• YOUR GOAL: Write the listing out again word for word, leaving each picture behind.

• SUPPLIED MATERIAL:
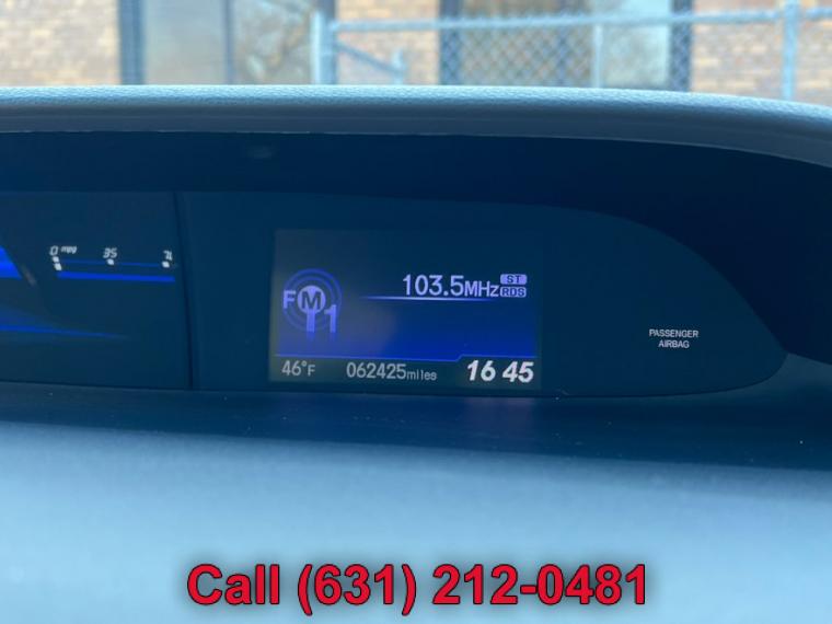 4 Cylinder Engine, ABS, 4-Wheel Disc Brakes, 5-Speed A/T, A/C, A/T, Adjustable Steering Wheel, Security System, Aluminum Wheels, AM/FM Stereo, Automatic Headlights, Auxiliary Audio Input, Power Outlet, Back-Up Camera, Brake Assist, Bucket Seats, CD Player, Child Safety Locks, Climate Control, Temporary Spare Tire, Cruise Control, Daytime Running Lights, Driver Air Bag, Driver Vanity Mirror, Stability Control, Emergency Trunk Release, Fog Lamps, Floor Mats, Front Reading Lamps, Front Wheel Drive, Gasoline Fuel, Heated Front Seat(s), Heated Mirrors, Intermittent Wipers, Keyless Entry, Leather Seats, Leather Steering Wheel, MP3 Player, Pass-Through Rear Seat, Passenger Air Bag, Passenger Air Bag Sensor, Passenger Vanity Mirror, Power Door Locks, Power Mirror(s), Power Steering, Sun/Moonroof, Power Windows, Rear Bench Seat, Rear Defrost, Rear Head Air Bag, Remote Trunk Release, Front Side Air Bag, Front Head Air Bag, Steering Wheel Audio Controls, Generic Sun/Moonroof, Tire Pressure Monitor, Tires - Front Performance, Tires - Rear Performance, Traction Control, Trip Computer, Variable Speed Intermittent Wipers, Engine Immobilizer, Bluetooth Connection, 16" alloy wheels, Body-colored bumpers, Body-colored door handles, Body-colored heated pwr mirrors, Compact spare tire & wheel, Fog lights, Multi-reflector auto-on/off halogen headlights, P205/55R16 all-season tires, Pwr tilt moonroof w/1-touch feature, Variable intermittent windshield wipers, 2-tier instrument panel w/blue backlit gauges -inc: tachometer, 60/40 fold down rear seatback -inc: adjustable head restraints, Auto climate control w/air filtration system, Cargo area light, Center console w/sliding armrest, storage compartment, Coin tray, Cruise control, Driver footrest, Dual visor vanity mirrors, Front & rear cup holders, Front & rear floor mats, Front door pocket storage bins, Front/center console 12V aux pwr outlets, Headlights-on reminder, Honda satellite-linked navigation system w/voice recognition, FM Traffic, Illuminated driver window/driver door lock controls, Illuminated steering wheel-mounted audio/cruise/phone/i-MID controls, Illuminated steering wheel-mounted audio/cruise/phone/i-MID/navigation controls, Immobilizer theft-deterrent system, Indicator lights -inc: trunk/door-open, low fuel/oil, coolant temp, front passenger front & front side airbag status, Intelligent multi-information display (i-MID) -inc: 5" LCD screen, customizable settings, digital odometer, (2) digital trip meters, digital fuel-mileage indicators, average speed, elapsed time, average fuel economy, miles-to-empty, audio system info, exterior temp, clock, Intelligent multi-information display (i-MID) -inc: 5" LCD screen, customizable settings, digital odometer, (2) digital trip meters, digital fuel-mileage indicators, average speed, elapsed time, average fuel economy, miles-to-empty, audio system info, exterior temp, clock, turn-by-turn navigation directions, Interior remote trunk release w/lock, Leather-trimmed reclining heated front bucket seats -inc: driver manual height adjustment, adjustable head restraints, leather-trimmed interior, Leather-wrapped steering wheel, Maintenance Minder system, Map lights, Passenger-side seatback pocket, Pwr door locks w/auto-lock feature, Pwr windows -inc: driver auto-up/down feature, Rear seat center armrest, Rear seat heater ducts, Rear window defroster w/timer, Remote entry -inc: remote trunk release, Remote fuel filler door release, Security system, Tilt/telescoping steering column, 1.8L SOHC MPFI 16-valve i-VTEC I4 engine, Aluminum-alloy engine block, Compact 5-speed automatic transmission w/OD, Drive-by-wire throttle, Eco Assist system, Front & rear stabilizer bars, Front wheel drive, MacPherson strut front suspension, Motion-adaptive electric pwr rack & pinion steering, Multi-link rear suspension, Pwr ventilated front/solid rear disc brakes, 2nd row lower anchors & tethers for children (LATCH) -inc: outboard lower anchors, tether anchors for all positions, 3-point seat belts in all seating positions -inc: front automatic tensioning system, adjustable front seat belt anchors, 4-wheel anti-lock braking system (ABS) w/electronic brake distribution (EBD), Advanced Compatibility Engineering (ACE) II body structure, Brake assist, Child-proof rear door locks, Daytime running lights, Driver & front passenger dual-stage, multiple-threshold airbags, Emergency trunk release, Front & rear side curtain airbags w/rollover sensor, Multi-angle rearview camera w/guidelines, Rearview camera w/guidelines, SmartVent front side-impact air bags w/passenger-side occupant detection system, Tire pressure monitoring system, Vehicle Stability Assist (VSA) w/traction control
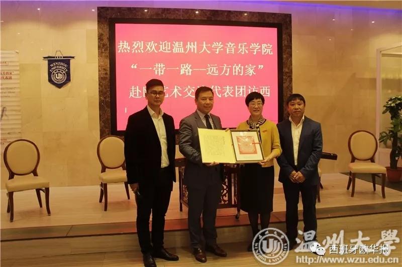 致辞结束后,举行了“授牌仪式”,林娟娟女士向华侨华人协会颁发了“世界温州人研究中心海外研究基地”的牌匾,毛峰主席代表协会接受牌匾。同时,西班牙华侨华人协会常务副主席孙小敏先生代表协会向星空平台赠送了礼物。
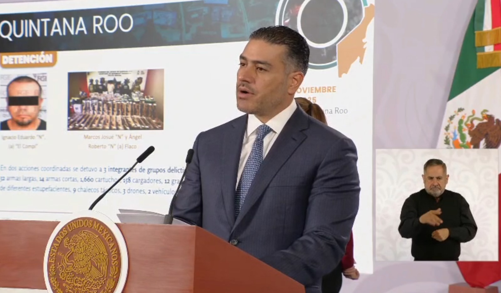 Omar García Harfuch, titular de la SSPC, informó que en coordinación con autoridades de Quintana Roo fueron detenidos tres integrantes de un grupo delictivo y se aseguraron 46 armas de fuego, mil 600 cartuchos, 158 cargadores, 12 granadas, droga, equipo táctico y drones. En otro operativo, fue capturado Emiliano Alejandro “N”, alias “El H”, jefe de plaza del CJNG y considerado objetivo prioritario en la entidad.

• WRITTEN RESPONSE:
 4 Cylinder Engine, ABS, 4-Wheel Disc Brakes, 5-Speed A/T, A/C, A/T, Adjustable Steering Wheel, Security System, Aluminum Wheels, AM/FM Stereo, Automatic Headlights, Auxiliary Audio Input, Power Outlet, Back-Up Camera, Brake Assist, Bucket Seats, CD Player, Child Safety Locks, Climate Control, Temporary Spare Tire, Cruise Control, Daytime Running Lights, Driver Air Bag, Driver Vanity Mirror, Stability Control, Emergency Trunk Release, Fog Lamps, Floor Mats, Front Reading Lamps, Front Wheel Drive, Gasoline Fuel, Heated Front Seat(s), Heated Mirrors, Intermittent Wipers, Keyless Entry, Leather Seats, Leather Steering Wheel, MP3 Player, Pass-Through Rear Seat, Passenger Air Bag, Passenger Air Bag Sensor, Passenger Vanity Mirror, Power Door Locks, Power Mirror(s), Power Steering, Sun/Moonroof, Power Windows, Rear Bench Seat, Rear Defrost, Rear Head Air Bag, Remote Trunk Release, Front Side Air Bag, Front Head Air Bag, Steering Wheel Audio Controls, Generic Sun/Moonroof, Tire Pressure Monitor, Tires - Front Performance, Tires - Rear Performance, Traction Control, Trip Computer, Variable Speed Intermittent Wipers, Engine Immobilizer, Bluetooth Connection, 16" alloy wheels, Body-colored bumpers, Body-colored door handles, Body-colored heated pwr mirrors, Compact spare tire & wheel, Fog lights, Multi-reflector auto-on/off halogen headlights, P205/55R16 all-season tires, Pwr tilt moonroof w/1-touch feature, Variable intermittent windshield wipers, 2-tier instrument panel w/blue backlit gauges -inc: tachometer, 60/40 fold down rear seatback -inc: adjustable head restraints, Auto climate control w/air filtration system, Cargo area light, Center console w/sliding armrest, storage compartment, Coin tray, Cruise control, Driver footrest, Dual visor vanity mirrors, Front & rear cup holders, Front & rear floor mats, Front door pocket storage bins, Front/center console 12V aux pwr outlets, Headlights-on reminder, Honda satellite-linked navigation system w/voice recognition, FM Traffic, Illuminated driver window/driver door lock controls, Illuminated steering wheel-mounted audio/cruise/phone/i-MID controls, Illuminated steering wheel-mounted audio/cruise/phone/i-MID/navigation controls, Immobilizer theft-deterrent system, Indicator lights -inc: trunk/door-open, low fuel/oil, coolant temp, front passenger front & front side airbag status, Intelligent multi-information display (i-MID) -inc: 5" LCD screen, customizable settings, digital odometer, (2) digital trip meters, digital fuel-mileage indicators, average speed, elapsed time, average fuel economy, miles-to-empty, audio system info, exterior temp, clock, Intelligent multi-information display (i-MID) -inc: 5" LCD screen, customizable settings, digital odometer, (2) digital trip meters, digital fuel-mileage indicators, average speed, elapsed time, average fuel economy, miles-to-empty, audio system info, exterior temp, clock, turn-by-turn navigation directions, Interior remote trunk release w/lock, Leather-trimmed reclining heated front bucket seats -inc: driver manual height adjustment, adjustable head restraints, leather-trimmed interior, Leather-wrapped steering wheel, Maintenance Minder system, Map lights, Passenger-side seatback pocket, Pwr door locks w/auto-lock feature, Pwr windows -inc: driver auto-up/down feature, Rear seat center armrest, Rear seat heater ducts, Rear window defroster w/timer, Remote entry -inc: remote trunk release, Remote fuel filler door release, Security system, Tilt/telescoping steering column, 1.8L SOHC MPFI 16-valve i-VTEC I4 engine, Aluminum-alloy engine block, Compact 5-speed automatic transmission w/OD, Drive-by-wire throttle, Eco Assist system, Front & rear stabilizer bars, Front wheel drive, MacPherson strut front suspension, Motion-adaptive electric pwr rack & pinion steering, Multi-link rear suspension, Pwr ventilated front/solid rear disc brakes, 2nd row lower anchors & tethers for children (LATCH) -inc: outboard lower anchors, tether anchors for all positions, 3-point seat belts in all seating positions -inc: front automatic tensioning system, adjustable front seat belt anchors, 4-wheel anti-lock braking system (ABS) w/electronic brake distribution (EBD), Advanced Compatibility Engineering (ACE) II body structure, Brake assist, Child-proof rear door locks, Daytime running lights, Driver & front passenger dual-stage, multiple-threshold airbags, Emergency trunk release, Front & rear side curtain airbags w/rollover sensor, Multi-angle rearview camera w/guidelines, Rearview camera w/guidelines, SmartVent front side-impact air bags w/passenger-side occupant detection system, Tire pressure monitoring system, Vehicle Stability Assist (VSA) w/traction control
 致辞结束后,举行了“授牌仪式”,林娟娟女士向华侨华人协会颁发了“世界温州人研究中心海外研究基地”的牌匾,毛峰主席代表协会接受牌匾。同时,西班牙华侨华人协会常务副主席孙小敏先生代表协会向星空平台赠送了礼物。
 Omar García Harfuch, titular de la SSPC, informó que en coordinación con autoridades de Quintana Roo fueron detenidos tres integrantes de un grupo delictivo y se aseguraron 46 armas de fuego, mil 600 cartuchos, 158 cargadores, 12 granadas, droga, equipo táctico y drones. En otro operativo, fue capturado Emiliano Alejandro “N”, alias “El H”, jefe de plaza del CJNG y considerado objetivo prioritario en la entidad.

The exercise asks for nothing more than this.